While several refrigerant leak sensors are commercially available, few low-cost options meet the performance, selectivity, and response requirements of current safety standards. Recognizing this gap, stakeholders in the Department of Energy’s Refrigerants R&D Working Group have identified the development of faster, more selective, and cost-effective refrigerant sensors as a critical priority. The Department of Energy’s Building Technologies Office funded research at Pacific Northwest National Laboratory to develop a faster, more selective, and cost-effective refrigerant leak sensor. This project is guided by an external technical advisory committee with representatives from industry, government, and national laboratories.

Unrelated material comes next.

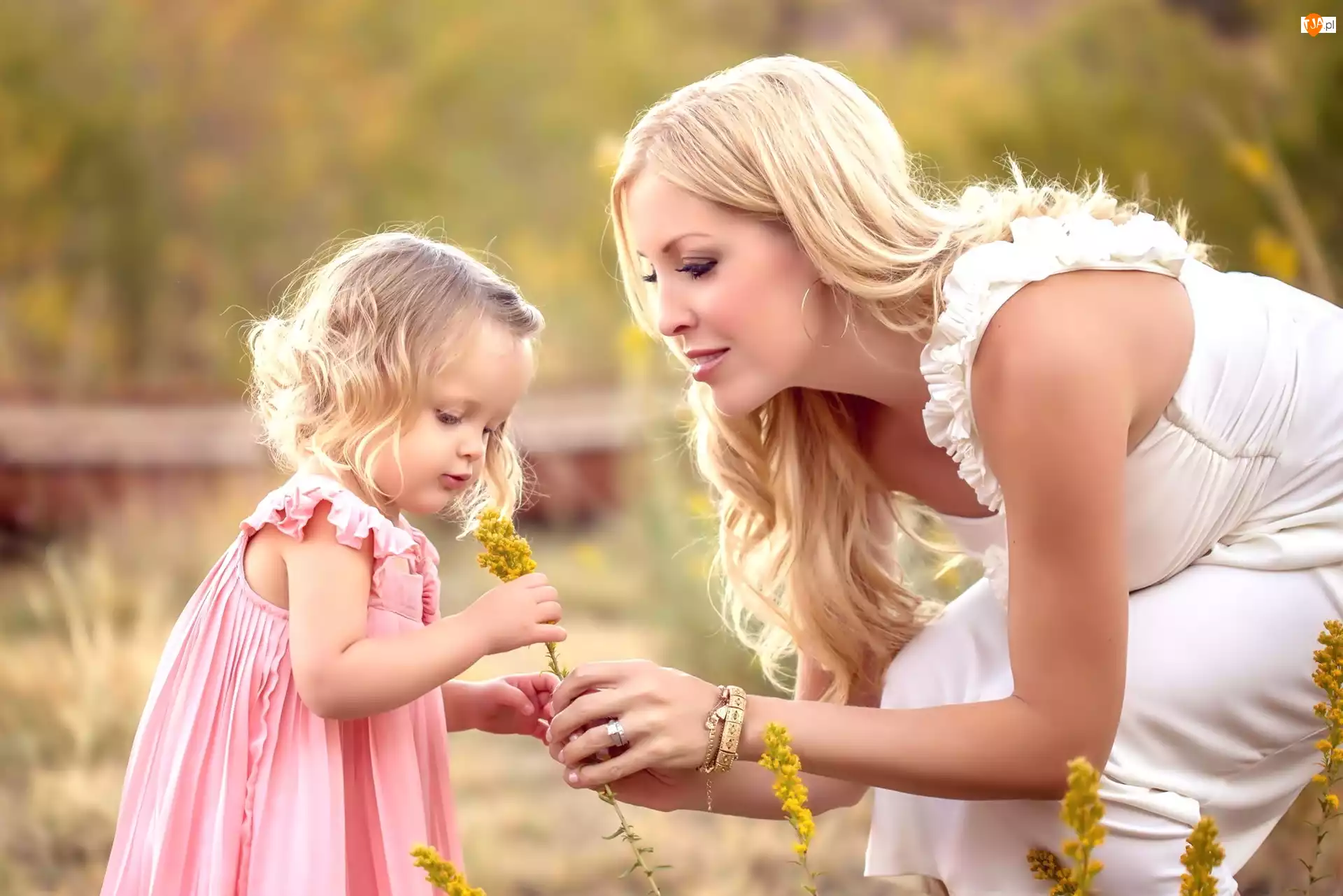 Dziewczynka, Kwiaty, Kobieta, Żółte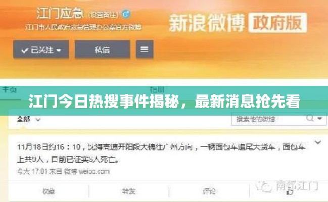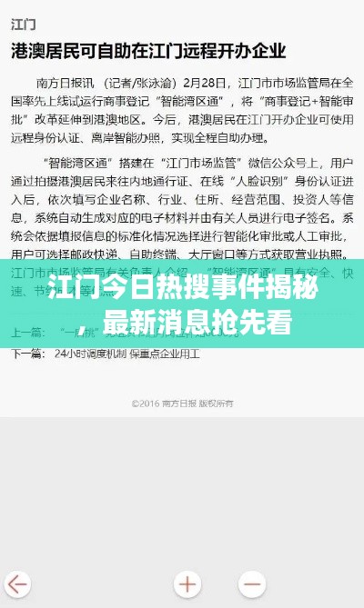 随着互联网的普及和社交媒体的兴起,各种新闻事件迅速传播,成为公众关注的焦点,我们将目光投向广东省的江门市,来看看江门今日的热搜事件最新消息。

The resulting sensor leverages metal-organic frameworks (MOFs), which are highly porous, crystalline materials, integrated onto a quartz crystal microbalance (QCM). This combination enables rapid, selective, and low-temperature detection of mildly flammable refrigerants, supporting early leak detection, refrigerant emission reduction, and HVAC efficiency.

HOW IT WORKS
The sensor consists of a QCM coated with a hydrophobic MOF that selectively adsorbs certain refrigerants. When refrigerant molecules come into contact with the MOF, they are captured within its porous structure, increasing the effective mass of the QCM. This mass change produces a proportional shift in the crystal’s resonance frequency, which directly correlates with refrigerant concentration. The sensor responds within seconds, maintains stability under high-humidity conditions, and consumes minimal power, enabling fast, reliable, and energy-efficient leak detection. Its rapid response is particularly important for flammable refrigerants, where early detection is essential for safety.

APPLICABILITY
This technology is suitable for real-time leak detection in residential, commercial, and industrial HVAC systems, including heat pumps, air conditioners, and refrigeration units. It is particularly valuable in enclosed or equipment-heavy spaces where early detection is essential for safety and compliance. By providing timely alerts, the sensor helps reduce refrigerant emissions, prevent flammable incidents, and maintain system efficiency.

DESIGN
The sensor was developed through the screening of five candidate MOFs (ZIF-67, HKUST-1, MIL-101, MOF-74, and UiO-66) on the basis of surface area, thermal stability, and water adsorption behavior. The selected MOF exhibits rapid, repeatable adsorption of R32 with minimal signal lag even under high-humidity conditions. Once deposited onto the QCM substrate, the MOF layer captures refrigerant molecules, producing measurable shifts in resonance frequency. The low-temperature operation, humidity tolerance, fast response, and low power requirements make the sensor suitable for distributed deployment in leak-prone locations such as equipment rooms, indoor HVAC units, and refrigeration systems. This design supports early leak detection, safety compliance, reduced refrigerant emissions, and improved HVAC efficiency through timely maintenance.